Understanding your business growth type will impact strategy and profits.
Recently, I was fortunate enough to work with a rapidly growing business that grew by over 100% compound annual growth rate (CAGR) over three years. Anything over 40% CAGR can be considered hyper-growth, so this was incredible to witness.
Being in a hyper-growth company can be an exhilarating ride. Lots of new customers, new employees and new international markets to tap into – it was a whirlwind of globetrotting, Zoom meetings and fighting to stay alive. We scrambled for every dollar, and we always felt like we were just a few months away from losing it all.

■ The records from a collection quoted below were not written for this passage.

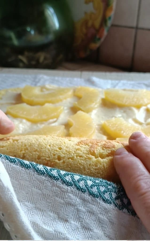 • Rolle den Biskuitteig vorsichtig auseinander. Wenn du möchtest, befeuchte ihn leicht mit dem Ananassaft, verteile die Creme, lege die in Stücke geschnittene Ananas darauf und rolle ihn vorsichtig mit Hilfe des Tuches auf.
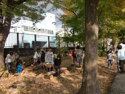 一本橋では、順番に並びながらも、小さい1年生を先に渡らせている姿も見られました。ベンチで語らっている子や、担任の先生へのお土産にと、きれいな落ち葉を選んで拾っている子。みんな生き生きしていました。
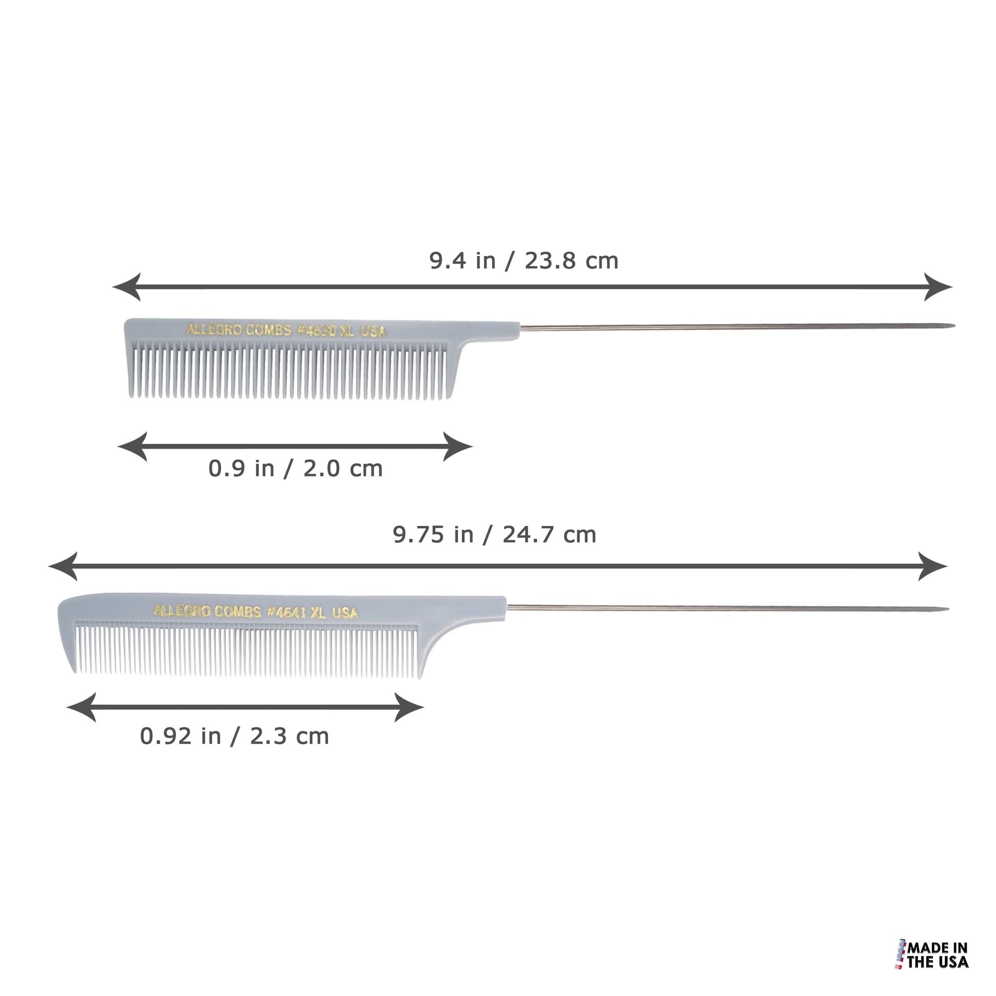 Allegro Combs XL Pintail Rat Tail Combs Parting Combs Metal Tail Foiling Combs Pin Combs Stitch Braids Combs2 Pc. (Gray)
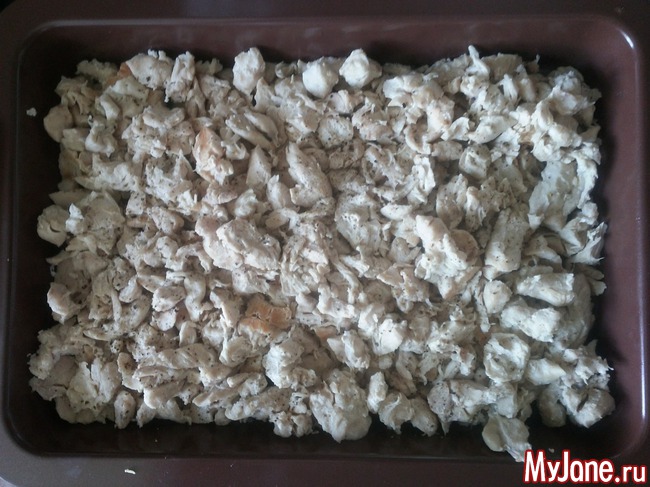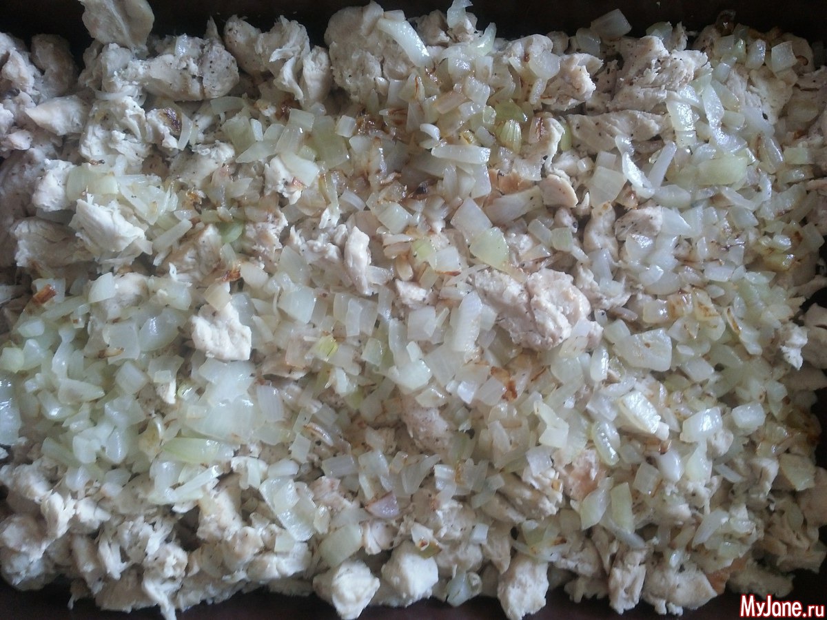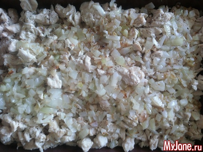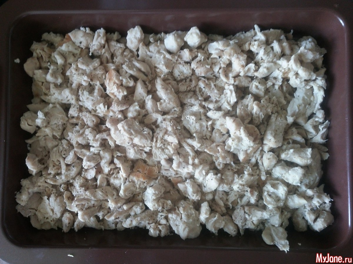 Куриные грудки были порезаны кусочками. И их стушила мультиварка. Т. е. без капли масла.

I learned a few things about the relationship between growth and profitability.
Hyper-growth
This type of growth is normally experienced by young businesses (or industry disruptors) as they mature through the scaling phase of business development. Defined as the steep part of the growth curve, counter-intuitively, this type of growth is high-risk. The cost of new customer acquisition and onboarding multiplied by growth rate will always exceed net operating margins, meaning there’s a lot to potentially gain, but you’re also teetering on the brink of losing it all.
For these businesses, new customers significantly exceed existing customers and recruitment within the customer success team lags new business. This can lead to bad customer experiences, which ultimately increases customer churn and slows down new sales.
Typically, this type of growth will attract funding as an investment in operations will resolve the scaling issues for a post-revenue business with proven customer fit and sales conversion.
So, once we secure funding, we build the team and the profits will flow, right?
Not necessarily. Depending on the type of business and market reach (is it global?), the business may remain unprofitable for many years if the CAGR remains high. The business will continue to attract funding on the promise of profits being realised at some point in the future.
It’s common for listed start-ups to rapidly grow and lose money for decades before they become profitable.
So, when does this type of business achieve profitability?
The answer: When growth slows.
At some point, the business will achieve optimal market penetration (slowing growth rate) and operational efficiencies (reduce costs to acquire and service customers). Slowed growth with increased profits indicates maturity. Depending on the type of business, when it matures, it may enter a phase of profitable linear or episodic growth.